By Patrick Wood Uribe, Chief Executive Officer, Util

Util is a London-based financial technology company that uses machine learning to measure the impact of a company’s products or services. Using natural language processing (NLP), Util analyses text from articles, academic research and journals to generate an automated ESG score for each of the 17 United Nations SDGS for a company’s products and for the company as a whole.

According to chief executive officer, Patrick Wood Uribe, NLP’s accuracy in interpreting written text allows for the automated generation of ESG scores for thousands of companies. Util’s focus on products and services allows for more granular EGS scores compared with other ratings providers. “Our work is different from ESG data in that our data is designed specifically to allow our clients to understand how every listed company simultaneously affects a comprehensive range of global issues, not just ESG. What we have found is that our data also clearly shows the inherent trade-offs in our commercial world, and how important it is to move past simple ESG categories and provide investors with the information they need to decide for themselves”.

How do you solve a problem like ESG?
ESG is the talk of the town. It has been a record-breaking year for inflows to funds labelled as ‘ESG’, namely those focused on environmental, social, and governance issues. By some estimates, investment in these funds has increased 10x in the past year. Business is booming.

Yet there is also growing skepticism. Two separate research papers in the last year have highlighted the disagreement among ESG rating providers, one noting that the average correlation was 54%, the other that it was 46%. Differences in criteria (what counts as E or S or G), scope (how much of it counts), and weight (how important each factor is) mean that raters only agree about half the time. By contrast, the correlation among credit rating agencies is about 99%.

It’s not hard to see the problems that could arise from this combination of overwhelming demand for ESG assets and such inconsistent data being used to allocate them. Investors in some ESG ETFs might already be surprised at some of their constituents, either because the criteria are generous (in some cases, fossil fuel companies can be included as long as they are doing better than their peers according to the rater’s criteria), or because the logical boundaries are arbitrary. One ETF is designed to exclude companies that manufacture weapons, but includes Dick’s Sporting Goods, which sells them; the same ETF excludes companies with reserves of fossil fuels but includes airlines and car companies, whose services and products depend almost entirely on burning them.

At the same time, ESG factors have been associated with better company performance. On the surface, this makes sense: companies with good governance practices, or that treat their employees and customers well, or have a sense of environmental responsibility, are likely to be well run and well liked, and should perform better than peers without those features.

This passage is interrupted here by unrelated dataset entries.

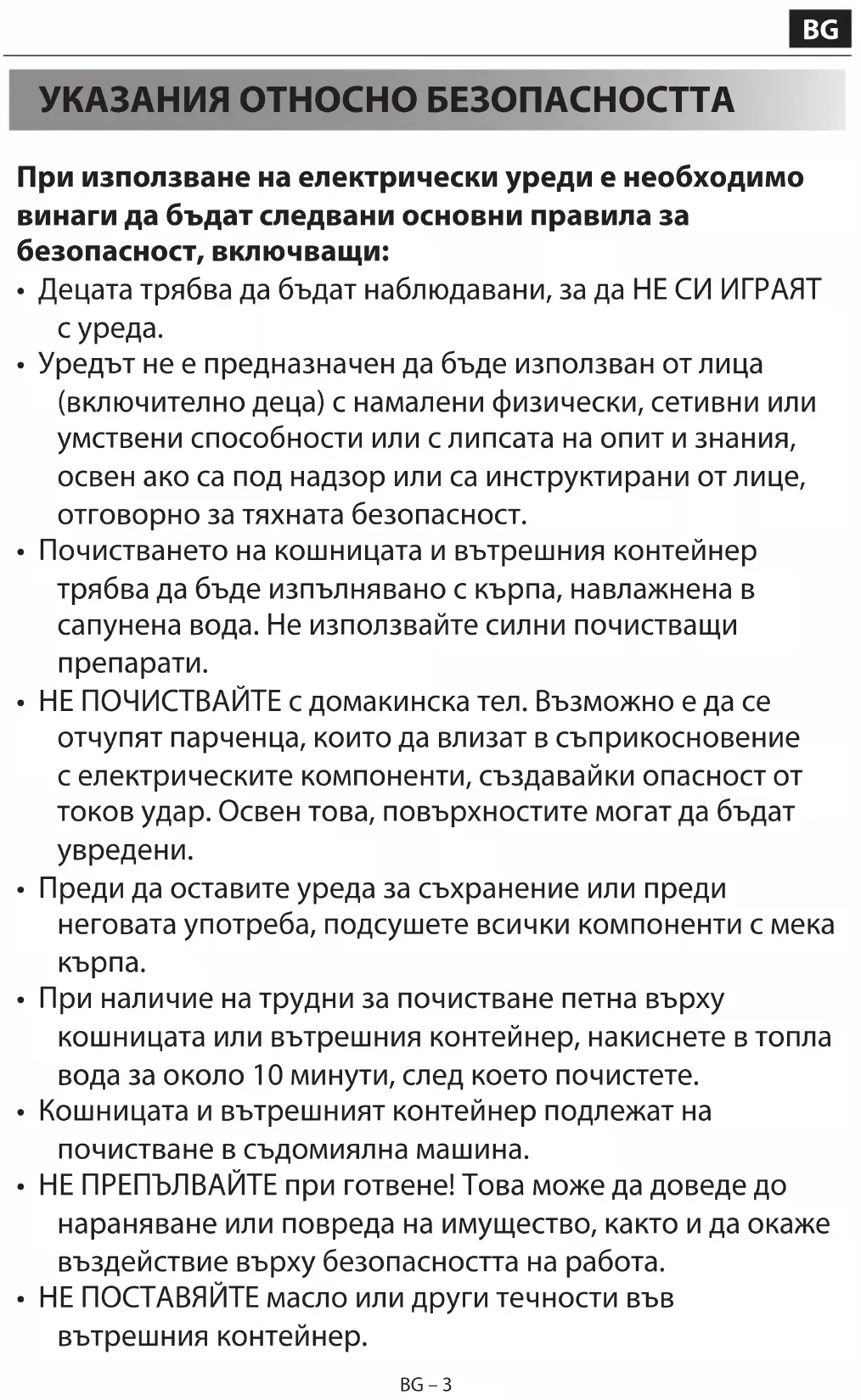- НЕ ПОСТАВЯЙТЕ масло или други течности във вътрешния контейнер.BG – 4 BG – 4
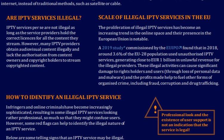 Internet Protocol Television (IPTV) is a technology that enables the broadcasting of television content through the internet, instead of traditional methods, such as satellite or cable. The proliferation of illegal IPTV services by providers without the correct licenses has become an increasing trend in the European Union. These illegal activities can cause significant damage to rights holders and users (through loss of personal data and malware), and the profits generated can fuel other forms of organised crime, including fraud, corruption and drug trafficking.
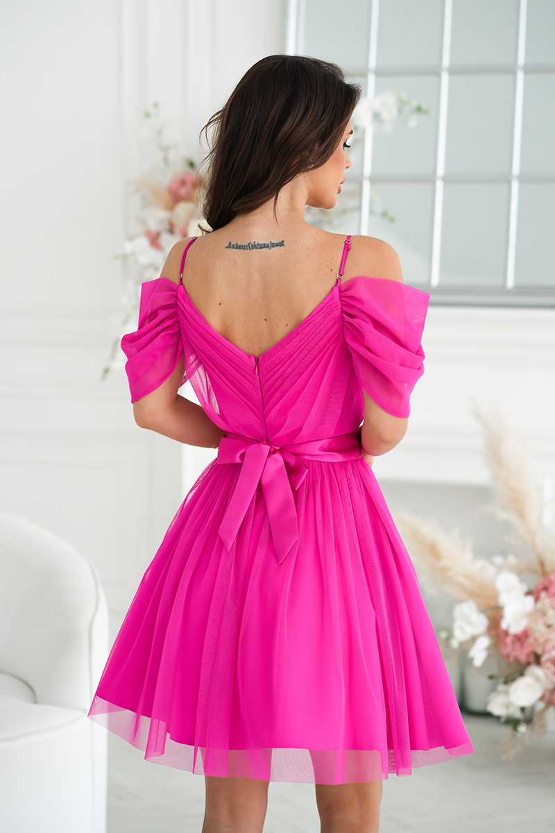 See kaunis tüllkleit ühendab endas naiselikkuse, elegantsi ja piduliku kerguse. Õrnalt langev tüllseelik annab kleidile õhulise ja luksusliku ilme, samas kui figuuri rõhutav vöökoht loob kauni silueti. Dekoltee on kujundatud pehme drapeeringuga ning õlgadel olevad dekoratiivsed detailid lisavad kleidile romantilise ja pilkupüüdva aktsendi.
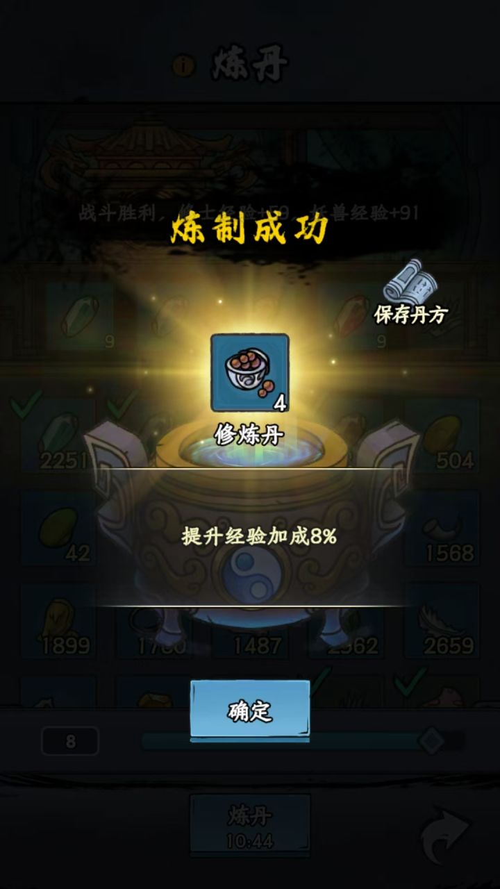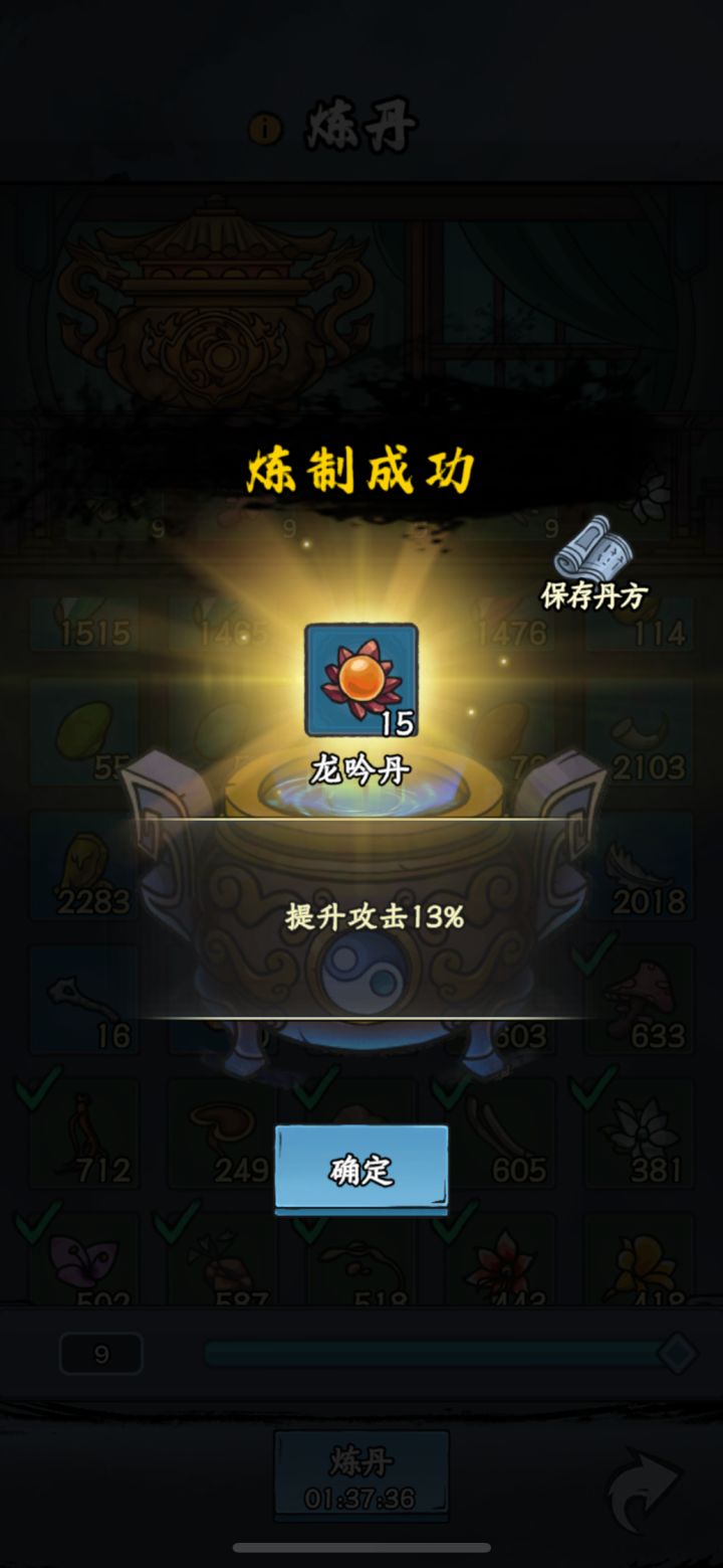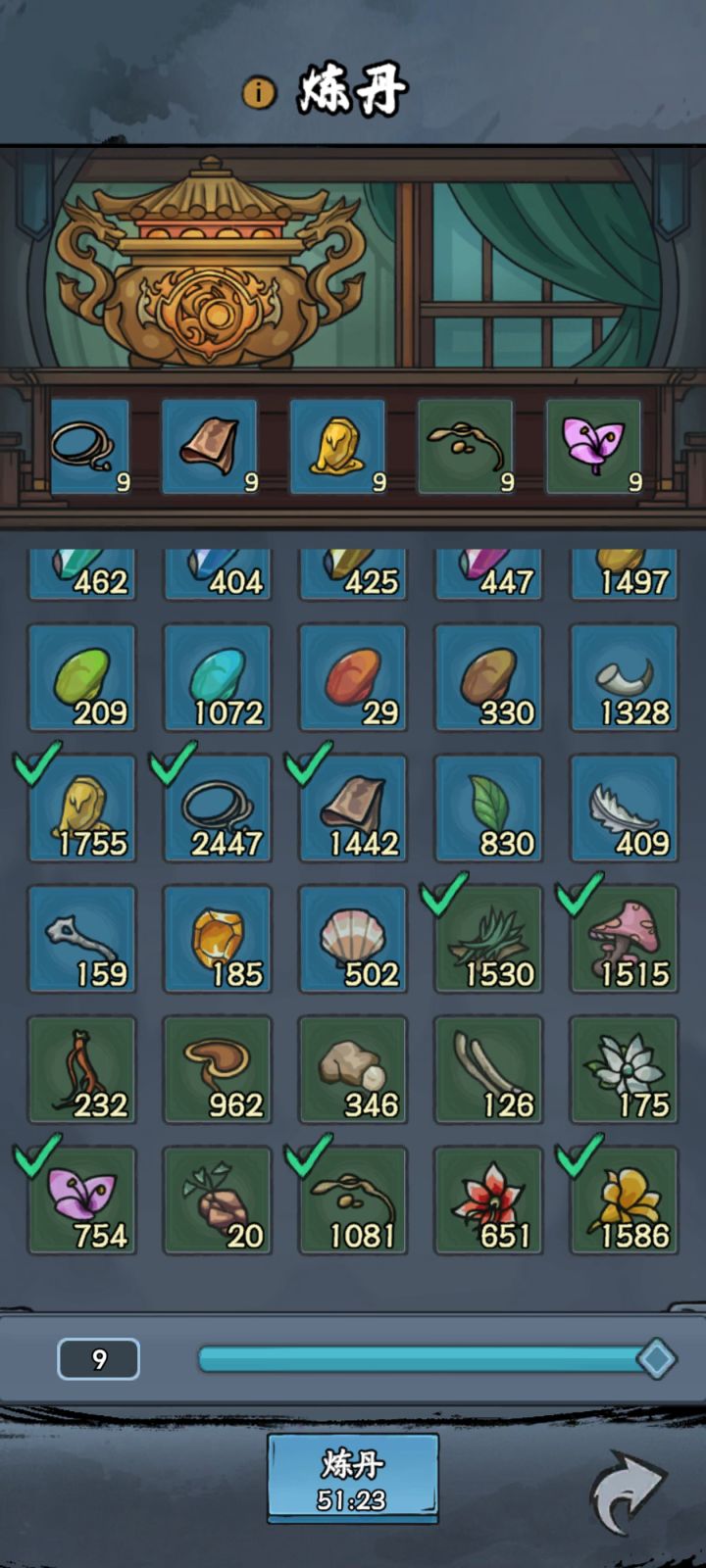 UID:20184570宗门合欢丹,图上材料各九个用于提升合欢宗血量,提高持续作战能力,不至于被轻松秒杀。

But there are two significant problems with the relationship between ESG and stock performance. Firstly, if ESG ratings only agree half the time, how do we even know the relationship exists? Secondly, in equity markets, many if not most of those factors should already be efficiently captured by stock prices: the next time an ESG-related scandal like Boohoo or Rio Tinto hits the news, try beating the market to the punch and you’ll see what I mean.

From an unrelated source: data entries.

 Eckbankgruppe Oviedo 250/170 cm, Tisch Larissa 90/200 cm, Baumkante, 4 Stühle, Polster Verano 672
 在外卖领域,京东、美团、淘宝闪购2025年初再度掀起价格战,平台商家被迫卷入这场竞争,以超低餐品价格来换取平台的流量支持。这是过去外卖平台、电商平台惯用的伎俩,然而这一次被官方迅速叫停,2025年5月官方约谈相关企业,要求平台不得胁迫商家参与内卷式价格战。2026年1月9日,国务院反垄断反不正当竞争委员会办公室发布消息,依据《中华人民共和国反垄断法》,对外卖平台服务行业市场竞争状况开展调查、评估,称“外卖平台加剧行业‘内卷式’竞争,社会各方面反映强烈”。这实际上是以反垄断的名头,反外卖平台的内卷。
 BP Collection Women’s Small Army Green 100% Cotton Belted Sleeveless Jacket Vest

In the strongest version of the Efficient Market Hypothesis, all information is already incorporated into the price of a stock, and given the number of daily transactions in financial markets, the system works well. Prices reflect new information quickly, and extreme mis-pricing is comparatively rare. The one significant shortcoming is, broadly speaking, in sustainability: despite everything, we continue to do more harm than good in the world and remain on track eventually to deprive ourselves of an environment to care about.

Why should prices fail to capture information we know is so important? A few obvious reasons spring to mind. Cynics among us might say that the market is actually the more accurate reflection of our values, and that everything else is just lip service and empty rhetoric. Others might say that it’s the result of implicit investor self-preservation: it’s ultimately self-defeating to exit stocks with poor environmental records, for example, since the sell-off will ultimately drive their prices down sufficiently to turn them into an opportunity for others — at which point demand for the stock will return, the company will return to its previous market value, the harmful equilibrium restored, while others reap the profits.

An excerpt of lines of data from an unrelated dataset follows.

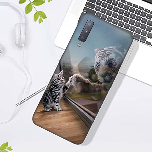 DiaryTown 2 Cover per Samsung A7 2018 Custodie TPU Silicone Morbida con Bello Animale Disegno Motivi Antiurto Protettivo Nero Cover Gomma Ultra Sottile Morbido Cover per Galaxy A7 2018 - Gatto/Tigre
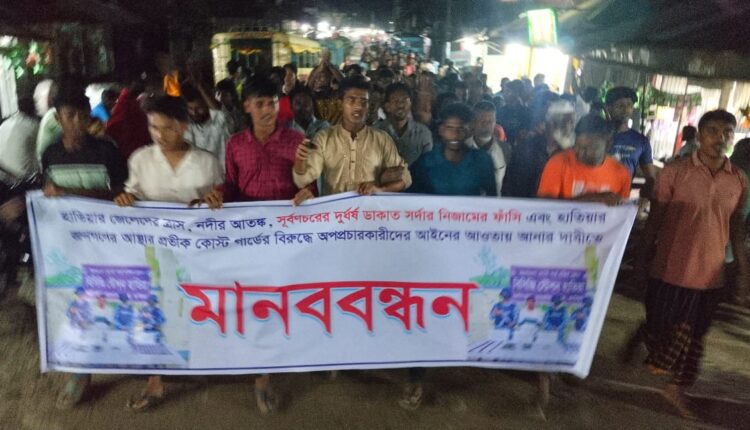হাতিয়ায় জেলেদের আতঙ্ক নদীতে ত্রাস সৃষ্টিকারী দুর্ধর্ষ ডাকাত সর্দার অস্ত্র সহ আটক নিজাম উদ্দিনের ফাঁসির দাবিতে মানববন্ধন ও বিক্ষোভ মিছিল করেছে স্থানীয় জেলেরা।
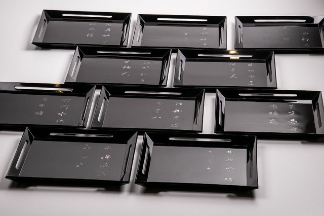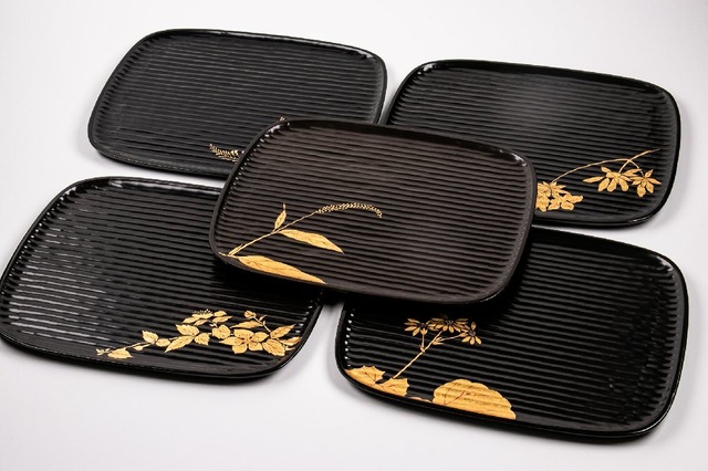 アソベ光石 黒漆草花絵替り蒔絵 折敷膳 5客 共箱 E1417
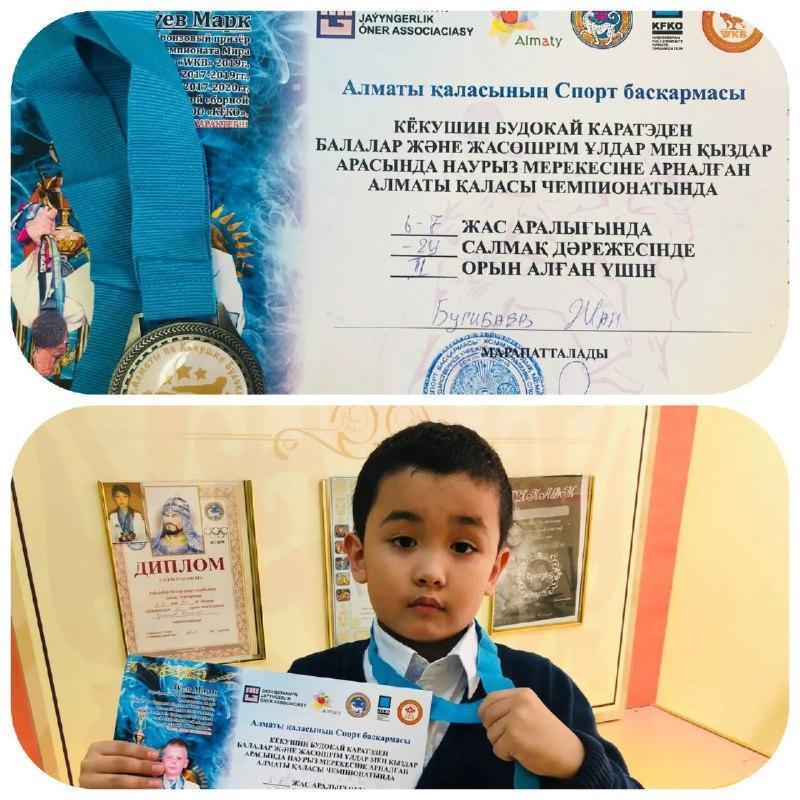 Алматы қаласының спорт басқармасы Кёкушин Будокай каратэден балалар және жасөспірім ұлдар мен қыздар арасында Наурыз мерекесіне арналған Алматы қаласы чемпионатында БУГЫБАЕВ ЖАН ІІ орын алғаны үшін дипломмен марапатталды. МОЛОДЕЦ! ЖАН! ТЫ НАШ ЧЕМПИОН!

This is, however, a fairly simple example. Most of the time, the situation is more complicated: how does an investor evaluate a company that makes jerseys out of 100% recycled material, but does so with questionable labour practices? Do both factors matter equally? If not, which matters more? How about a company that makes concrete, itself quite polluting but still a cheap way to build beneficial infrastructure like bridges and schools in emerging markets? Is ignorance somehow preferable to fine particulate pollution?

These questions bring me to another fundamental reason why markets seem not to incorporate sustainability information efficiently: in a word, complexity. The more complex the information — and its implications — the longer it will take to filter through to the price, if ever. In the case of sustainability information, as soon as questions like those I just raised are applied to more than a handful of cases, they quickly become too overwhelming to think about. And of course, if investors don’t think about these questions, they can’t realistically factor them into how they assess their investment choices. The market has to go without the information.

This is the gap that fuels the demand for ESG stamps of approval. But as we’ve already seen, that explosive demand has been met with inconsistent data, leading to calls on the one hand for greater transparency, or on the other hand for stronger regulation. I would say neither addresses the fundamental bottleneck we truly face: the biggest barrier to investing sustainably is how to process, understand, and act upon complex information about sustainability.